**GIVEN DATA:**

Start of Block

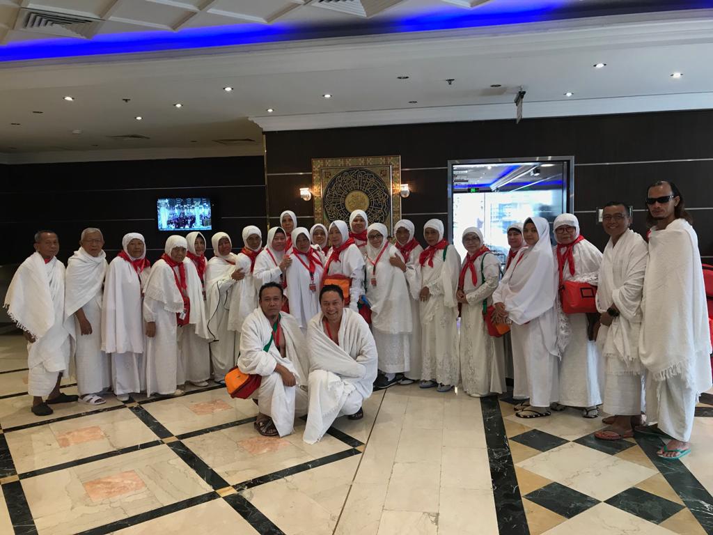 Rombongan jamaah berkumpul di depan lobby hotel, siap untuk perjalanan ibadah
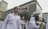 REPUBLIKA.CO.ID, JAKARTA -- Sejumlah massa menggelar aksi damai di depan gedung Badan Pengawas Pemilu (Bawaslu), Jakarta Pusat, Jum’at (10/5).
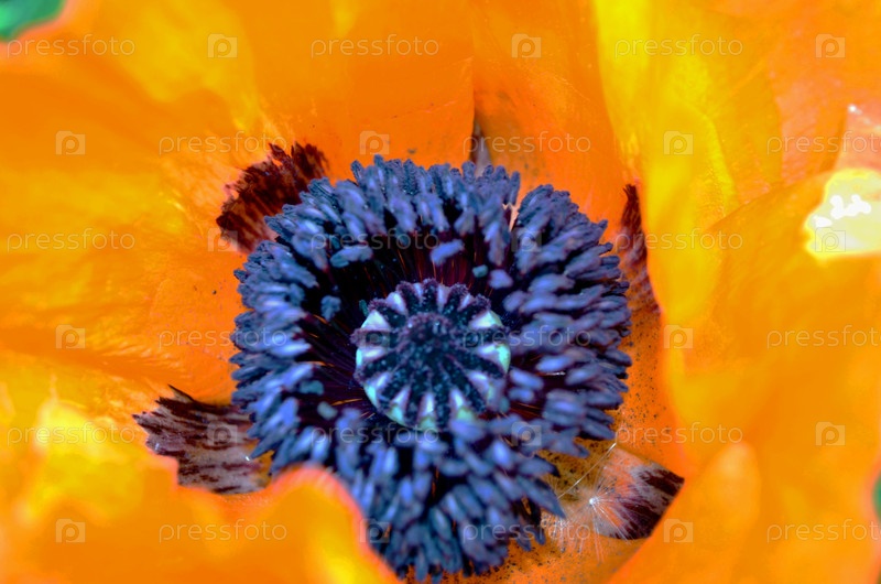 Восточный маковый цветок ближайший снимок. пестиль и штаммы

End of Block

**ASSIGNMENT:** Images are to be skipped, and each line above is to be returned exactly.

**COMPLETED EXERCISE:**
 Rombongan jamaah berkumpul di depan lobby hotel, siap untuk perjalanan ibadah
 REPUBLIKA.CO.ID, JAKARTA -- Sejumlah massa menggelar aksi damai di depan gedung Badan Pengawas Pemilu (Bawaslu), Jakarta Pusat, Jum’at (10/5).
 Восточный маковый цветок ближайший снимок. пестиль и штаммы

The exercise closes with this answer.